Today at ICLR in Vancouver, researchers from Rice University presented a deep learning-based application that helps programmers write code in the growing multitude of application programming interfaces or APIs.
The application, called Bayou, was developed by a team of computer scientists from the Intelligent Software Systems Laboratory at Rice University and funded by DARPA, the defense department’s research agency.
“People have tried for 60 years to build systems that can write code, but the problem is that these methods aren’t that good with ambiguity,” said Bayou co-creator Swarat Chaudhuri, associate professor of computer science at Rice University. “A developer can give Bayou a minimal amount of information — just a few keywords or prompts, really — and Bayou will try to read the programmer’s mind and predict the program they want.”
Using NVIDIA Tesla GPUs and the cuDNN-accelerated TensorFlow deep learning framework, the team trained their system on 100 million lines of code and validated their work on a dataset comprised of 10,000 programs.
“Its basically studied everything on GitHub, and it draws on that to write its own code,” said Chaudhuri.
The researchers designed their application on a method called neural sketch learning, which trains an artificial neural network to recognize patterns in thousands of Java programs. The technique sketches each program and associates the sketch with how the program operates.

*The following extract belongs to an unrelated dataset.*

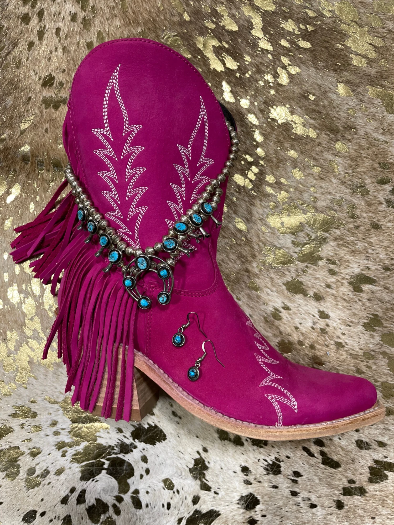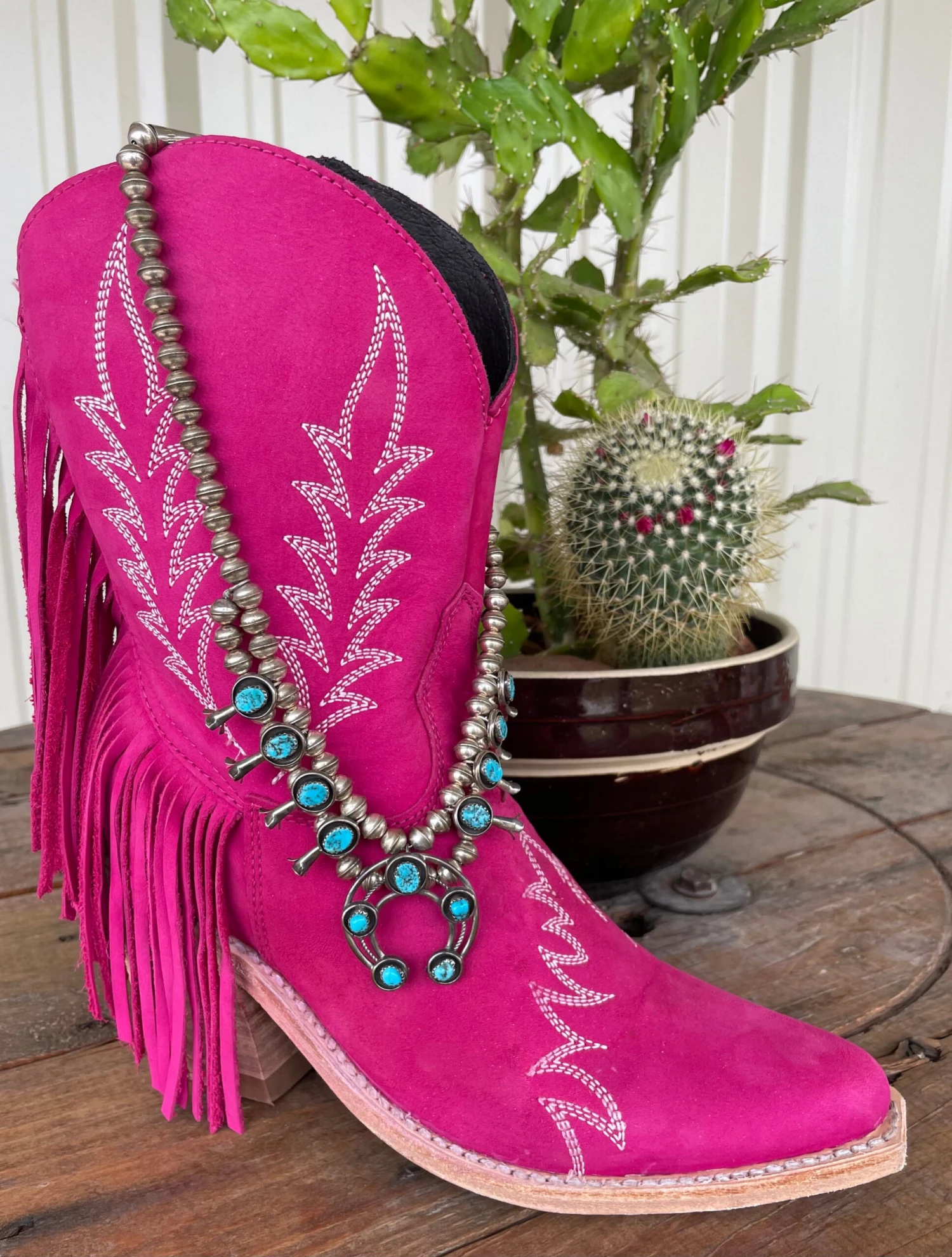 The Turquoise Mini Squash necklace and earrings are absolutely beautiful! You will love this for that outfit that needs a smaller Squash necklace, or for layering with your Navajo Pearls! The turquoise stones are Gorgeous!!Â

“There are hundreds of APIs, and navigating them is very difficult for developers. They spend lots of time at question-answer sites like Stack Overflow asking other developers for help,” Bayou architect Vijay Murali, a research scientist at the university’s lab said. “That immediate feedback [Bayou offers] could solve the problem right away, and if it doesn’t, Bayou’s example code should lead to a more informed question for their human peers,” Murali said.